10 In so far as the applicant seeks, by the plea, to contest the findings of fact made by the Court of First Instance following its appraisal of the aforementioned letters, it must be stated that such a complaint is not capable of forming the subject-matter of an appeal.

11 Accordingly, that plea must be dismissed as inadmissible without it being necessary to consider the other arguments relied upon.

The second plea in law

12 In paragraph 34 of the contested judgment, the Court of First Instance stated that the annulment of the decision and the subsequent determination by the Commission of the applicant' s degree of permanent invalidity resulting from his occupation, in implementation of that judgment, would be sufficient to restore the applicant' s rights.

13 In his second plea, F. contests that conclusion. He repeats, in substance, the arguments which he had relied upon in that connection before the Court of First Instance. The decision of 15 July 1988 and the length of the procedure preceding it contributed to the deterioration in his health and reduced his chances of reinstatement. That unjust decision also led him to incur legal expenses. In any event, the annulment of the decision gave him no compensation for the vexations he suffered in order to achieve recognition of his right.

14 It must be noted that there is nothing in that plea capable of being relied upon in an appeal.
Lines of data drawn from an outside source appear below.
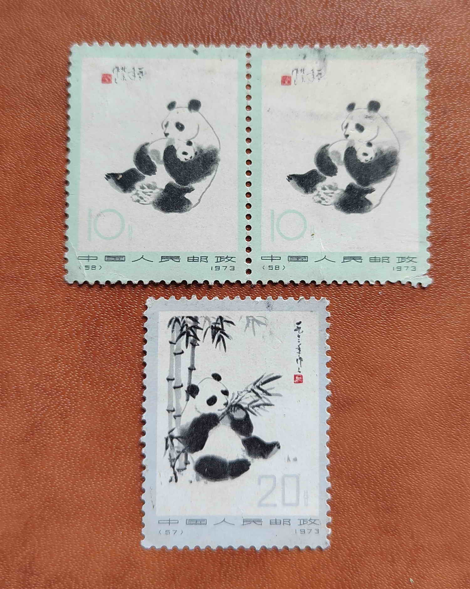 三张熊猫都有胶,面有脏(10分双联右边的右下角齿有撕裂)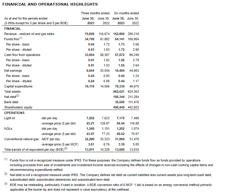 As anticipated, net debt declined quarter over quarter to $168.3-million at June 30, 2023, compared with $183.7-million at March 31, 2023, a function of lower capital spending and field activity combined with higher production volumes, offset by lower realized prices per BOE. These higher volumes in the quarter also contributed to lower operating costs of $16.88 per BOE compared with $17.54 per BOE in the previous quarter.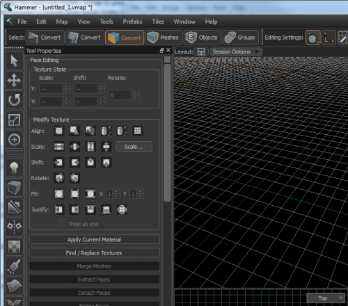 左边的工具栏包含了基本的工具模组,这和Hammer之前的版本差不多。选择工具有多重模式可以使用,也可以使用Spacebar在这几种模式中切换。 也可以用下列快捷键直接进入对应模式中: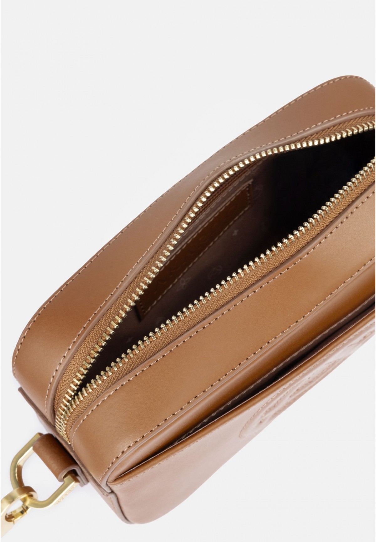 Mała, kompaktowa torebka ADELE wykonana z brązowej skóry naturalnej, ozdobiona wypukłym logo marki AKARDO, to elegancki i funkcjonalny dodatek. Jej prostokątny kształt oraz zapięcie na zamek zapewniają wygodę użytkowania. Po bokach torebki znajdują się dwie wpuszczane kieszonki, idealne do przechowywania drobiazgów. Odpinany, regulowany pasek o szerokości 3 cm można dostosować w zakresie 89-102 cm, co pozwala na noszenie torebki na różne sposoby. Złote, logowane okucia dodają jej wyjątkowego charakteru. Wnętrze torebki wyścielane jest logowaną podszewką w kolorze torebki, a dodatkowa kieszonka zapinana na zamek zapewnia dodatkową przestrzeń na najważniejsze rzeczy.

Without claiming that a rule of law has been breached, F. merely contests the Court of First Instance' s appraisal of the facts (paragraph 16 of the contested judgment) by claiming that he has clearly suffered harm for which he should be compensated.

15 Accordingly, the applicant' s second plea must also be dismissed as inadmissible.

The cross-appeal

16 The Court of First Instance states (at paragraph 15 of the contested judgment) that the Medical Committee confined itself to drawing the appropriate medical conclusions from its findings relating to the cause of the applicant' s disease and did not make appraisals of a legal nature.

17 The Commission states that by considering that it was not appropriate to deduct the 18% from the compensation granted to the applicant the Medical Committee had exceeded its powers, which are limited to making assessments of a medical nature. It points out that it is for the administration alone to determine the legal consequences that are to be drawn from the medical findings and, in particular, to ascertain whether the official' s invalidity arose from conduct inconsistent with his obligations under the Staff Regulations.

18 The cross-appellant' s plea thus merely contests the Court of First Instance' s finding that the Medical Committee' s appraisal was of a medical nature, and must accordingly be dismissed as inadmissible.

Costs

19 Under Article 69(2) of the Rules of Procedure, the unsuccessful party is to be ordered to pay the costs. Article 70 of those Rules provides that in proceedings brought by servants of the Communities, the institutions are to bear their own costs. However, by virtue of Article 122 of the Rules, Article 70 does not apply to appeals brought by officials or other servants of the institutions.

20 It follows, however, from the first paragraph of Article 69(3) and from the second indent of the second paragraph of Article 122 of the Rules of Procedure that the Court may order that the costs be shared in whole or in part where each party succeeds on some and fails on other heads, where the circumstances are exceptional or where equity so requires. Since both parties failed in their actions, each party, including the intervener, shall bear its own costs.

On those grounds,

THE COURT (Fourth Chamber)

hereby:

1. Dismisses the appeals;

2. Orders each party, including the intervener, to pay its own costs.